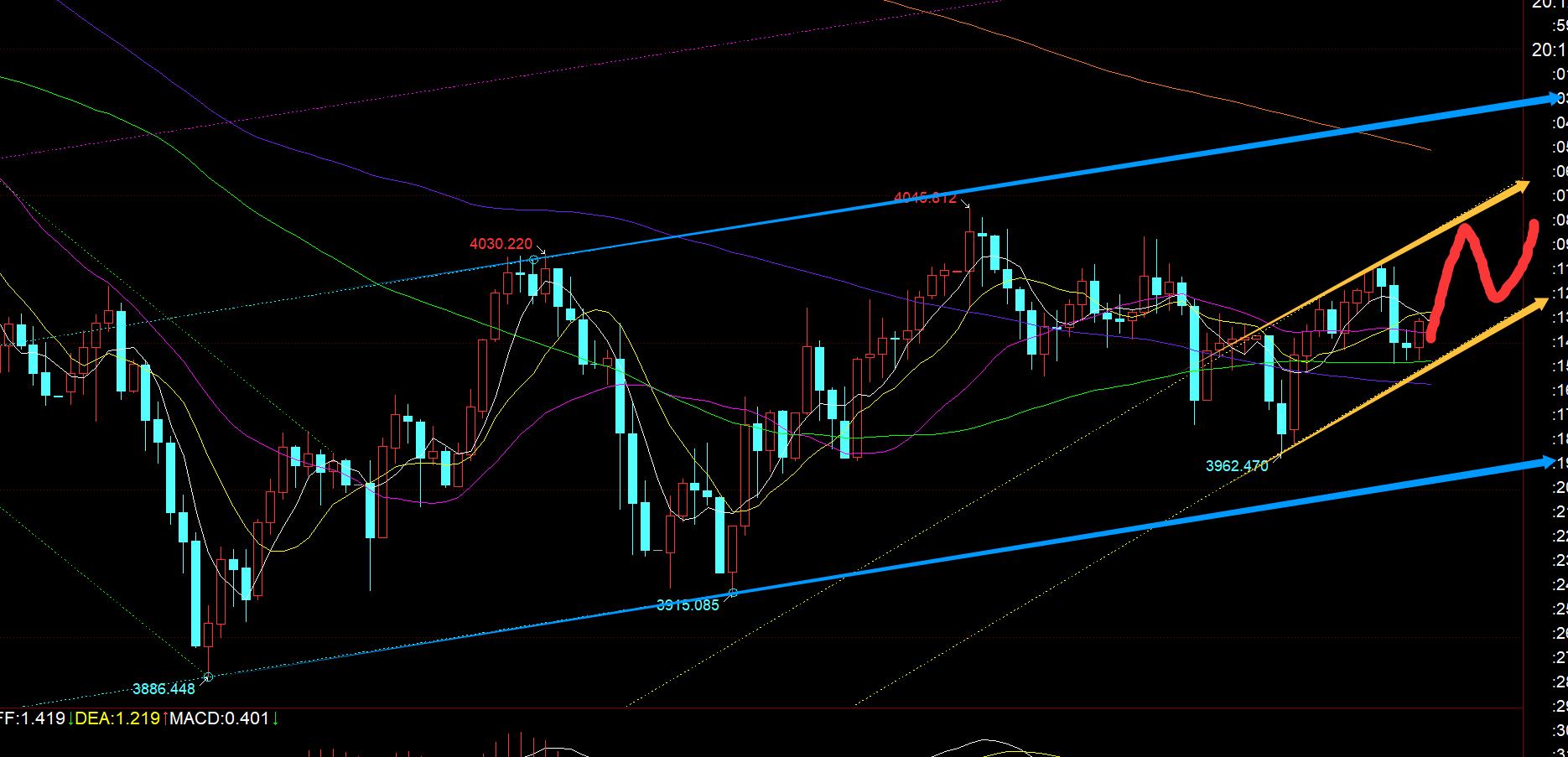 第一,黄金方面:日线级别当前是符合周视频指出的震荡,围绕5日和10日之间争夺整理,早间刺破5日是一个假动作;所以,最终要看收盘的有效性,10日阻力下移4036-38,5日支撑3983;
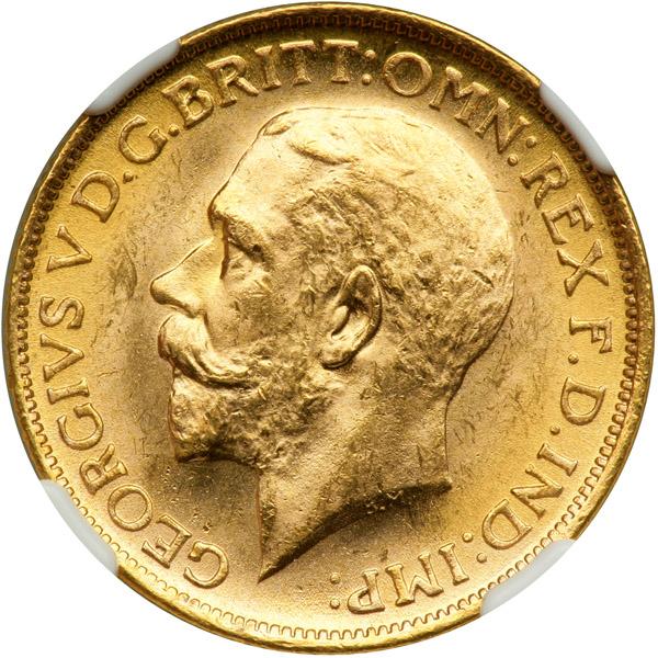 Australia. Sovereign, 1912-S. Fr-38; KM-29. Weight 0.2355 ounce. George V. NGC graded MS-64.
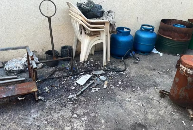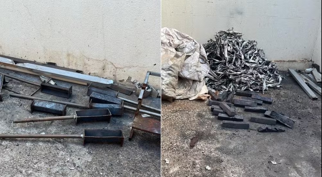 No quintal do imóvel, os policiais encontraram uma estrutura usada para o derretimento do cobre, com caldeiras, botijões de gás adaptados, formas metálicas e outros equipamentos.
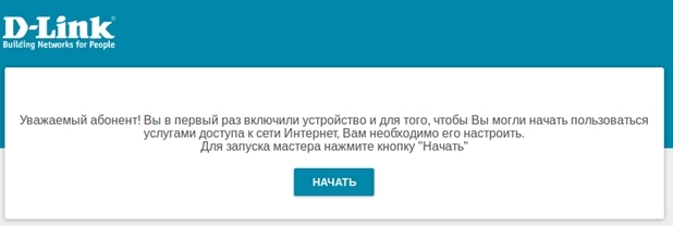- Обратитесь к Web-интерфейсу маршрутизатора. Для этого в адресной строке браузера введите 192.168.0.1 и нажмите клавишу Enter. На открывшейся странице нажмите кнопку Начать.
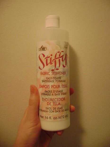 Hemos sido capaces de hacer 3 vestidos con una botella de 472 ml de Stiffy (estirado hacia fuera con agua y pegamento). Cuánto necesita dependerá del tamaño y material de la ropa que eliges.
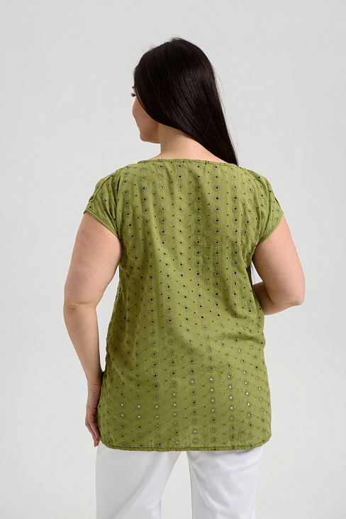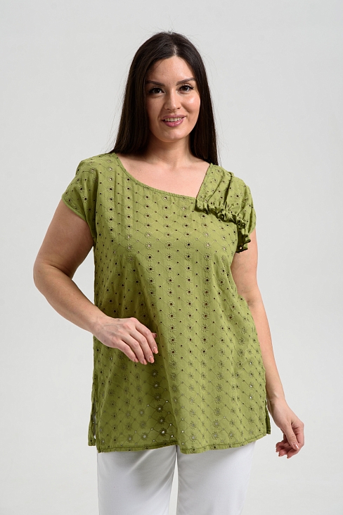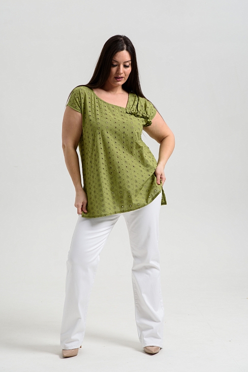 Майка женская, свободная, горловина асимметричная, нижняя часть левой кокетки полочки собрана, образуя рюшу. В боковых швах разрезы. Легкая, оригинальная майка их х/б ткани хорошее дополнение вашего летнего гардероба.
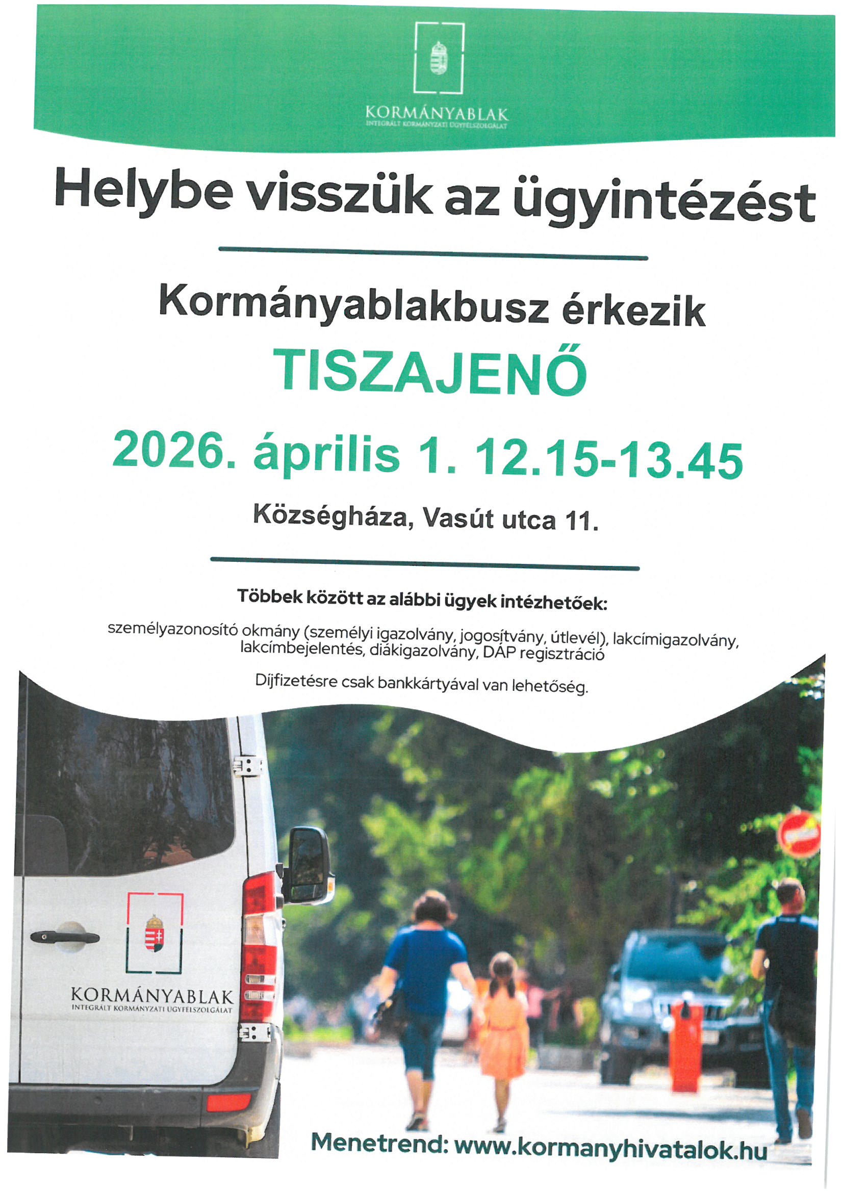 Tájékoztatjuk a Tisztelt Lakosságot, hogy a rendkívüli időjárás miatt szükséges egyes intézkedésekről szóló 2/2026.(I.14.) Korm. rendelet alapján a Kormány döntött arról, hogy a rendkívüli téli időjárásra tekintettel az állami tulajdonú gazdasági társaságoknál lévő tüzelőanyag ingyen a rászoruló családok rendelkezésére bocsátható. Felhívjuk mindazon tiszajenői lakosok figyelmét, akik még élni kívánnak ezzel a lehetőséggel, hogy igényüket legyenek…
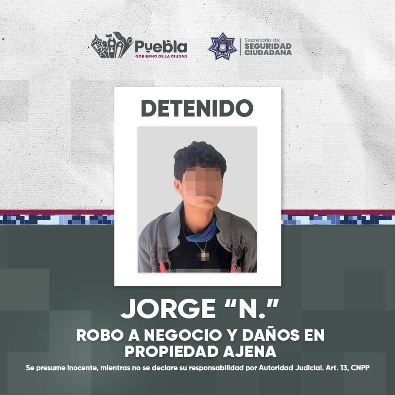 Durante el despliegue territorial, implementado en calles del Infonavit Amalucan, al oriente de la ciudad, elementos municipales detuvieron a Jorge “N”, de 24 años de edad.
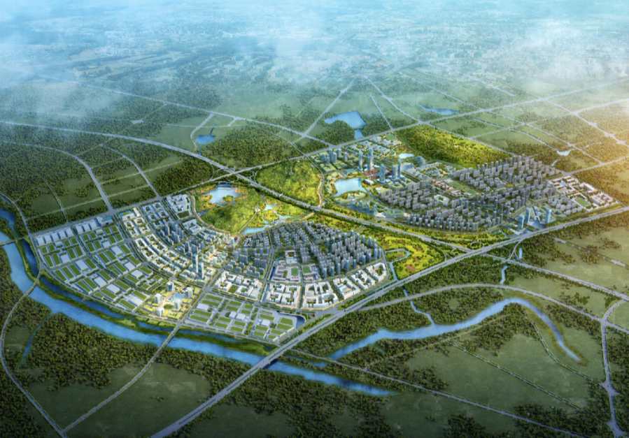 溧水产业新城以“空港实业中枢,科技山水新城”为目标,形成一核两翼,双心多廊的空间结构。以新城生态为核心,宁高高速两侧城市功能区为两翼,东侧科创中心与西侧服务中心为双心,商务核芯区可容纳20万人口。
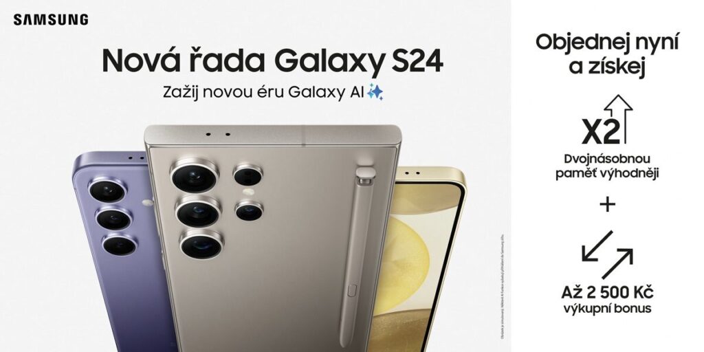 Operátor O2 spustil možnost objednání už teď. Pokud do 30. ledna 2024 stihnete jakýkoliv model z řady S24 objednat, můžete také výrazně ušetřit. Platí totiž oblíbená nabídka „vyšší kapacita za nižší cenu“, takže u Galaxy S24 je 256 GB kapacita za stejnou cenu jako u modelu s pamětí 128 GB. U modelu S24+ a S24 Ultra zaplatíte za 512 GB stejnou cenu jako u kapacity 256 GB. Zároveň při výkupu starého telefonu na novysamsung.cz do konce ledna dostanete výkupní bonus až 2 500 korun.
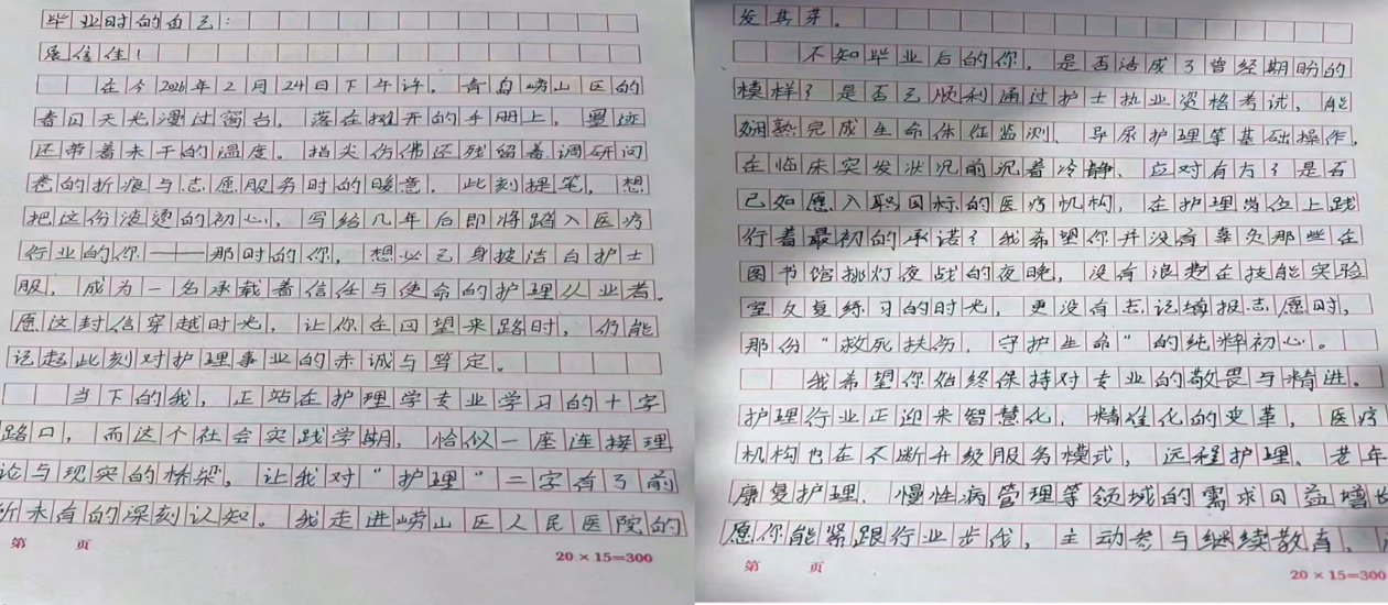 李美静同学写致未来的自己:愿你始终怀揣护理人的温柔与坚定,专业上精益求精,练就过硬本领;生活里心怀暖阳,不惧前路风雨。保持对生命的敬畏,对职业的热爱,以微光之力护佑安康,在平凡的岗位上,活成自己想要的模样。
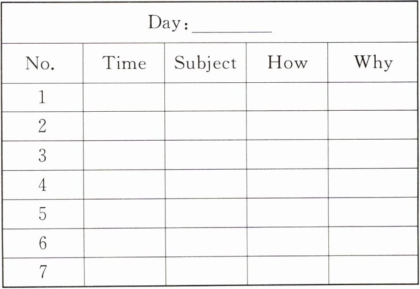 Day: Monday| No. | Time | Subject | How | Why || 1 | 8:00-8:40 | English | interesting | I like speaking English. || 2 | 8:50-9:30 | Math | difficult | It has many numbers. || 3 | 9:40-10:20 | Chinese | easy | I like reading stories. || 4 | 10:30-11:10 | History | boring | It has many dates. || 5 | 14:00-14:40 | Geography | fun | I like maps. || 6 | 14:50-15:30 | Music | relaxing | I like singing songs. || 7 | 15:40-16:20 | P.E. | exciting | I like playing basketball. |
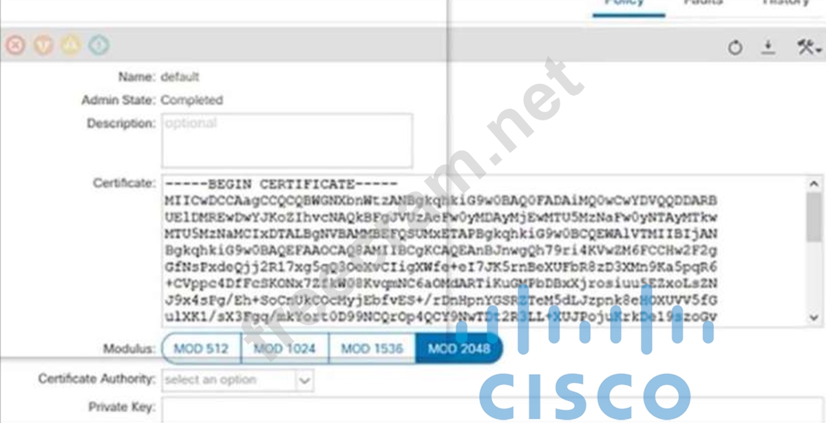 A certificate is implemented on the security configuration on the Cisco ACI controller. A customer receives a

—————

### GOAL OF THE EXERCISE
Pictures are not part of the copy. Return every record exactly.

### REPLY TO THE TASK
 第一,黄金方面:日线级别当前是符合周视频指出的震荡,围绕5日和10日之间争夺整理,早间刺破5日是一个假动作;所以,最终要看收盘的有效性,10日阻力下移4036-38,5日支撑3983;
 Australia. Sovereign, 1912-S. Fr-38; KM-29. Weight 0.2355 ounce. George V. NGC graded MS-64.
 No quintal do imóvel, os policiais encontraram uma estrutura usada para o derretimento do cobre, com caldeiras, botijões de gás adaptados, formas metálicas e outros equipamentos.
- Обратитесь к Web-интерфейсу маршрутизатора. Для этого в адресной строке браузера введите 192.168.0.1 и нажмите клавишу Enter. На открывшейся странице нажмите кнопку Начать.
 Hemos sido capaces de hacer 3 vestidos con una botella de 472 ml de Stiffy (estirado hacia fuera con agua y pegamento). Cuánto necesita dependerá del tamaño y material de la ropa que eliges.
 Майка женская, свободная, горловина асимметричная, нижняя часть левой кокетки полочки собрана, образуя рюшу. В боковых швах разрезы. Легкая, оригинальная майка их х/б ткани хорошее дополнение вашего летнего гардероба.
 Tájékoztatjuk a Tisztelt Lakosságot, hogy a rendkívüli időjárás miatt szükséges egyes intézkedésekről szóló 2/2026.(I.14.) Korm. rendelet alapján a Kormány döntött arról, hogy a rendkívüli téli időjárásra tekintettel az állami tulajdonú gazdasági társaságoknál lévő tüzelőanyag ingyen a rászoruló családok rendelkezésére bocsátható. Felhívjuk mindazon tiszajenői lakosok figyelmét, akik még élni kívánnak ezzel a lehetőséggel, hogy igényüket legyenek…
 Durante el despliegue territorial, implementado en calles del Infonavit Amalucan, al oriente de la ciudad, elementos municipales detuvieron a Jorge “N”, de 24 años de edad.
 溧水产业新城以“空港实业中枢,科技山水新城”为目标,形成一核两翼,双心多廊的空间结构。以新城生态为核心,宁高高速两侧城市功能区为两翼,东侧科创中心与西侧服务中心为双心,商务核芯区可容纳20万人口。
 Operátor O2 spustil možnost objednání už teď. Pokud do 30. ledna 2024 stihnete jakýkoliv model z řady S24 objednat, můžete také výrazně ušetřit. Platí totiž oblíbená nabídka „vyšší kapacita za nižší cenu“, takže u Galaxy S24 je 256 GB kapacita za stejnou cenu jako u modelu s pamětí 128 GB. U modelu S24+ a S24 Ultra zaplatíte za 512 GB stejnou cenu jako u kapacity 256 GB. Zároveň při výkupu starého telefonu na novysamsung.cz do konce ledna dostanete výkupní bonus až 2 500 korun.
 李美静同学写致未来的自己:愿你始终怀揣护理人的温柔与坚定,专业上精益求精,练就过硬本领;生活里心怀暖阳,不惧前路风雨。保持对生命的敬畏,对职业的热爱,以微光之力护佑安康,在平凡的岗位上,活成自己想要的模样。
 Day: Monday| No. | Time | Subject | How | Why || 1 | 8:00-8:40 | English | interesting | I like speaking English. || 2 | 8:50-9:30 | Math | difficult | It has many numbers. || 3 | 9:40-10:20 | Chinese | easy | I like reading stories. || 4 | 10:30-11:10 | History | boring | It has many dates. || 5 | 14:00-14:40 | Geography | fun | I like maps. || 6 | 14:50-15:30 | Music | relaxing | I like singing songs. || 7 | 15:40-16:20 | P.E. | exciting | I like playing basketball. |
 A certificate is implemented on the security configuration on the Cisco ACI controller. A customer receives a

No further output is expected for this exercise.